The reality of local elections

Important choices for City Council and mayoral races are made long before Election Day.

Daily Editorial Board

Voter turnout in Minnesota this past November for the presidential election was quite high — approaching 76 percent of eligible voters, the highest in the nation.  However, even though national elections draw considerably more media attention, it is the local elections that impact day-to-day life. For example, the development in Dinkytown, regardless of one’s opinion on the matter, is city zoning and economic conditions that precipitate such events much more than which major political party is in control of Congress or the White House. Yet, voter turnout in Minneapolis’ local elections is significantly lower. When so many factors that directly impact day-to-day life are dependent on local elected officials, including zoning, parking, transportation and even what time the bars close, why is turnout so low?

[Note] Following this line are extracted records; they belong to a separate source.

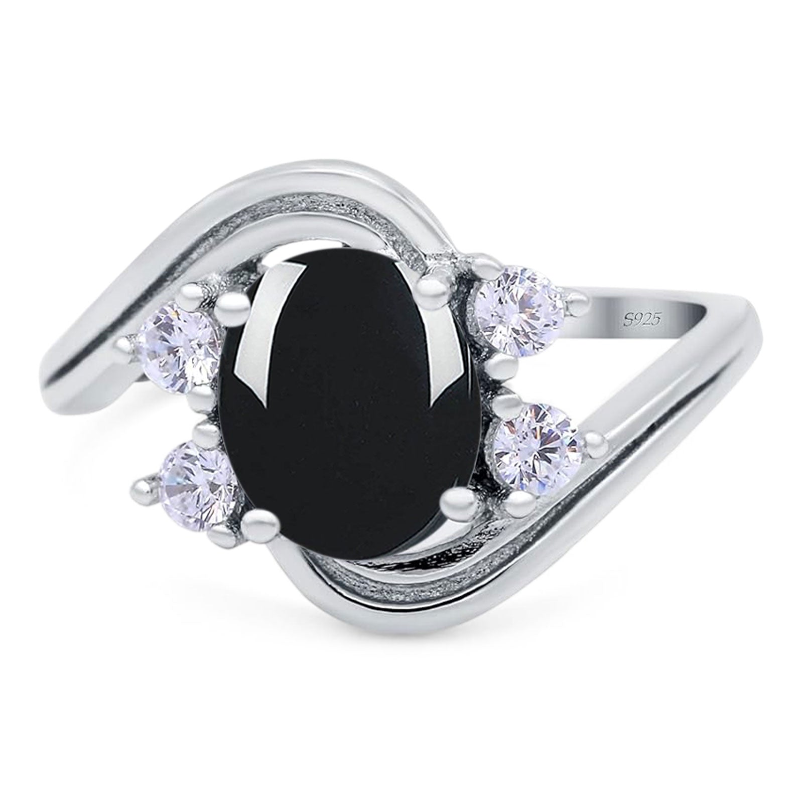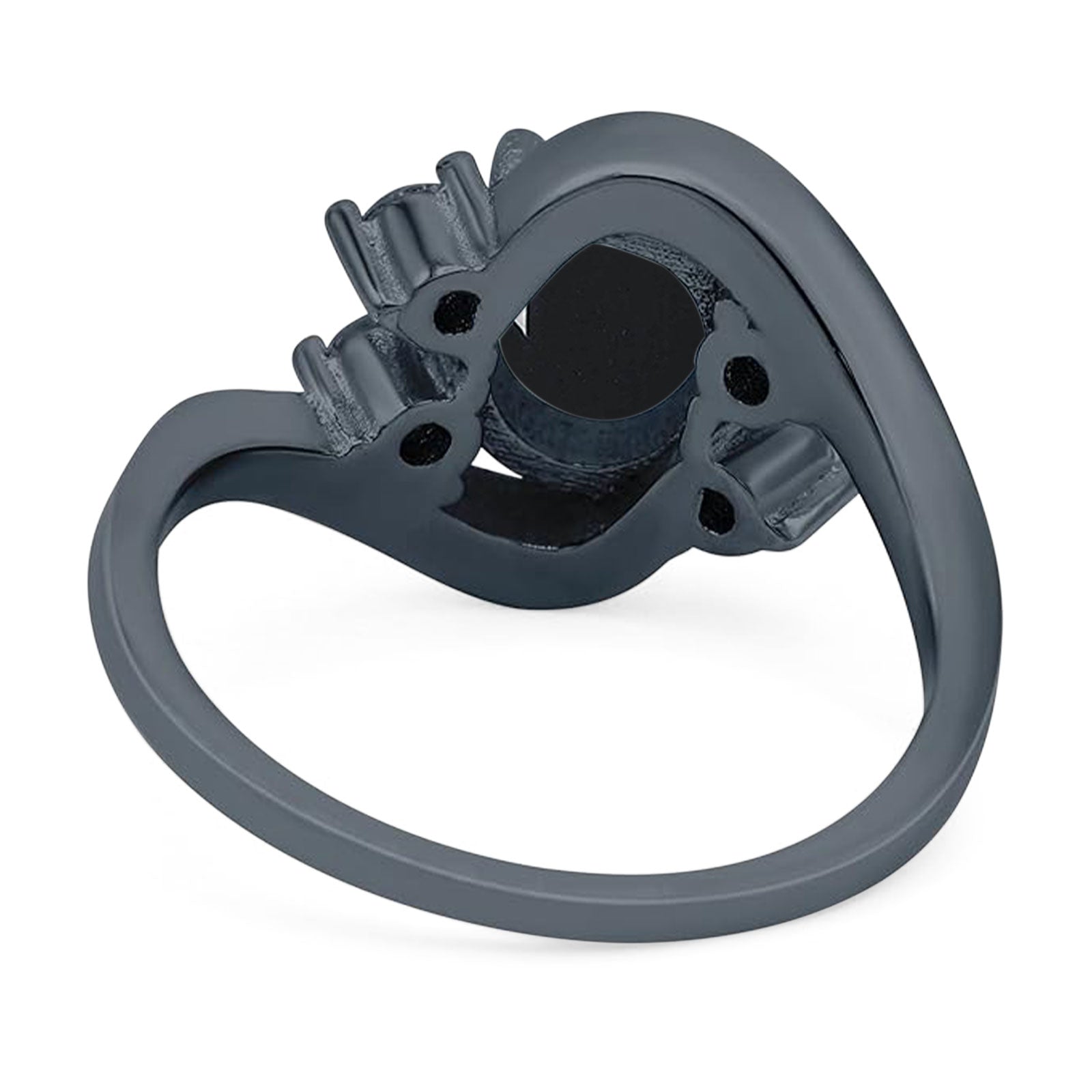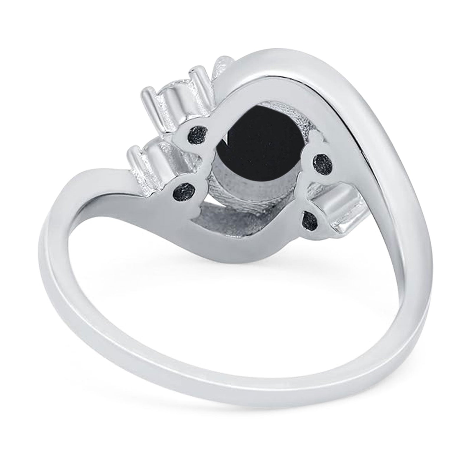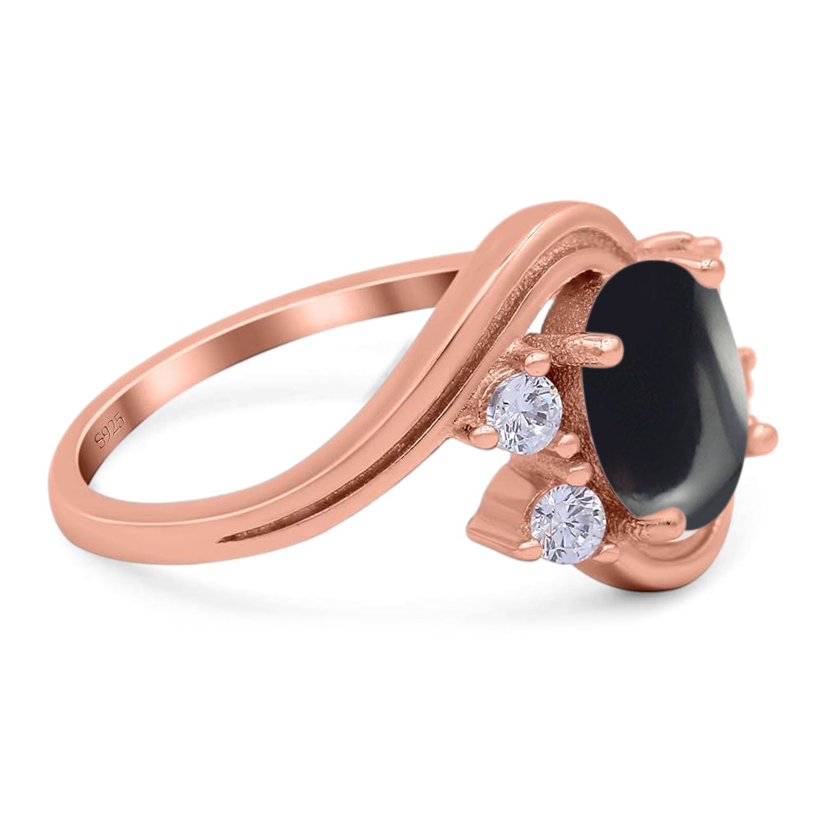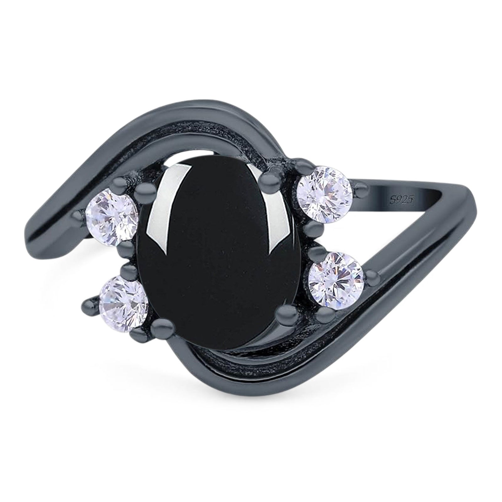 Oval Natural Black Onyx Art Deco Ring 925 Sterling Silver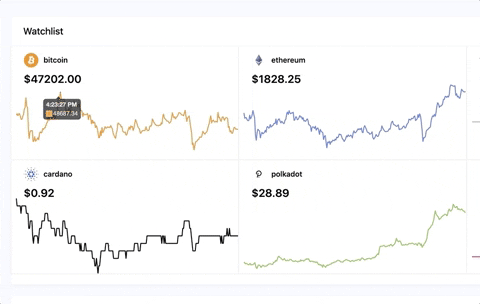 Upon login, users are greeted with charts depicting the performance of the top 6 cryptocurrencies.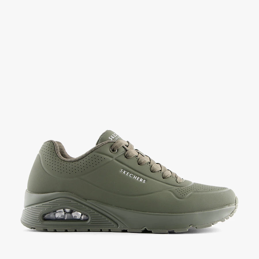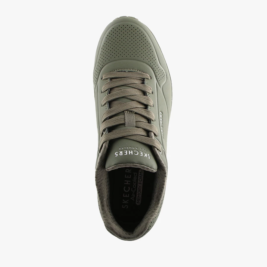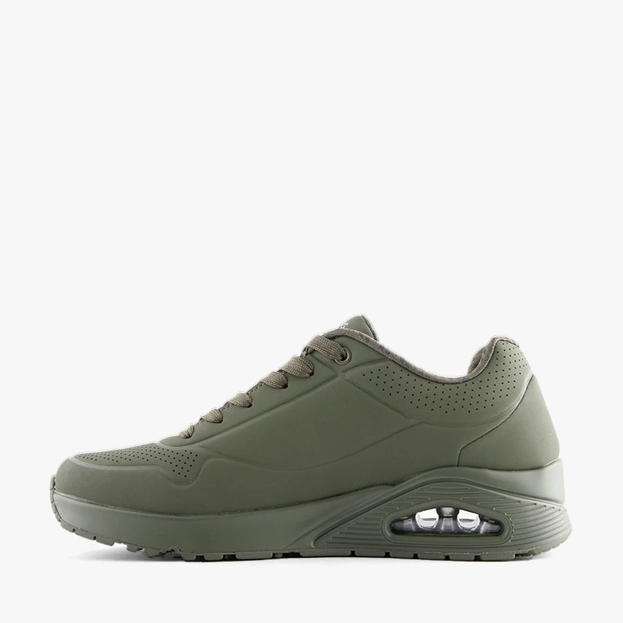 Uno – Stand On Air by Skechers is where comfort meets fashion. Uno is a men’s sneaker that features a padded collar and tongue, perforated details on the toe and collar with embossed accents on the heel and tongue. With an air cooled memory foam insole and an air cushioned shock absorbing heel pad you will be comfortable all day in Uno – Stand On Air.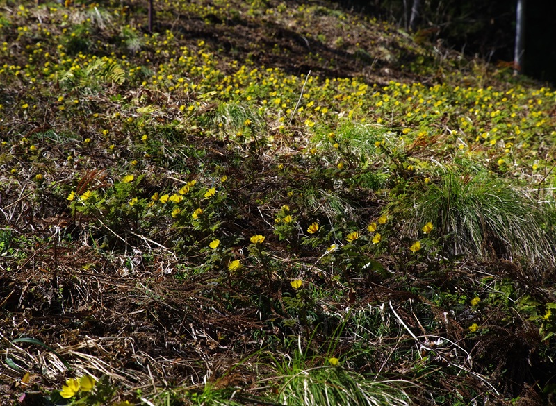 斜面に咲いた福寿草です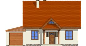 Graficzne opracowanie rzutów poglądowych widocznych na karcie projektu zostało wykonane przez Extradom.pl. Prezentowane przez Extradom.pl wizualizacje wykonane zostały przez autora projektu i należy poczytywać je jedynie za przykład i propozycję wykończenia, wizję architektoniczną autora projektu. Ostateczne wykończenie budynku może nastąpić na wiele sposobów. Szczegółowe rozwiązania zastosowane w oferowanej dokumentacji - w tym również ilość, lokalizacje i wygląd okien, drzwi, kominów - mogą w niewielkim stopniu różnić się od prezentowanej wizualizacji budynku.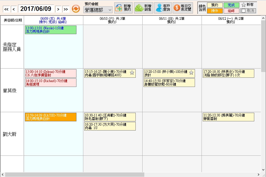 以不同顏色標示不同預約狀態,忙碌狀況一目了然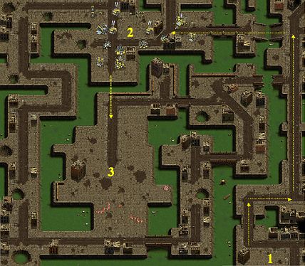 Your forces are set at the point 1. The enemy has two camps - at points 2 and 3. At first, destroy camp at the point 2 and build up your camp there. Two towers in the entrance of your camp are sufficient for defence. Destroy remaining enemy camp stepwise by airdrops. The best weapons are Michaelangelos. Discharge your Michaelangelos alongside of the target or move them behind various obstacles. You can decoy an enemy firing by another unit too - Oil Tankeroids are the most resistant. Strengthen your forces by Transport Domes. In the end, clean up the rest of the map.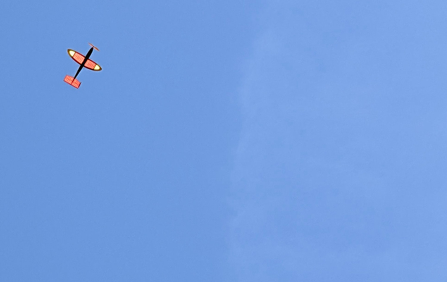 My prototype flew away into the woods on the first day out. I had it trimmed at home, but put some turns on it and away it went! I lost site of it across the road and behind some houses and into the woods at 1:50.

One possible answer lies in the heavily Democratic-leaning politicians of Minneapolis. By the time a Democrat ends up on the ballot, they are likely to be elected, regardless of voter turnout. Voters that turn out only on Election Day have relatively little say as the candidates have been chosen long beforehand. A common sentiment regarding voting on Election Day is the notion that voters are casting their ballot for the lesser of two evils or against one of the candidates. But there is a way to fix this: Get involved in the process that puts candidates on the ballot. The April 16 DFL caucuses and endorsement conventions will likely decide who the next City Council member is in Ward 3 (encompassing Dinkytown) and the next mayor. The Ward 3 convention will occur May 4, and the city convention will occur June 15. To truly have any say in which candidate will be your City Council member or mayor, become a delegate to the conventions at the party caucus and make your voice heard.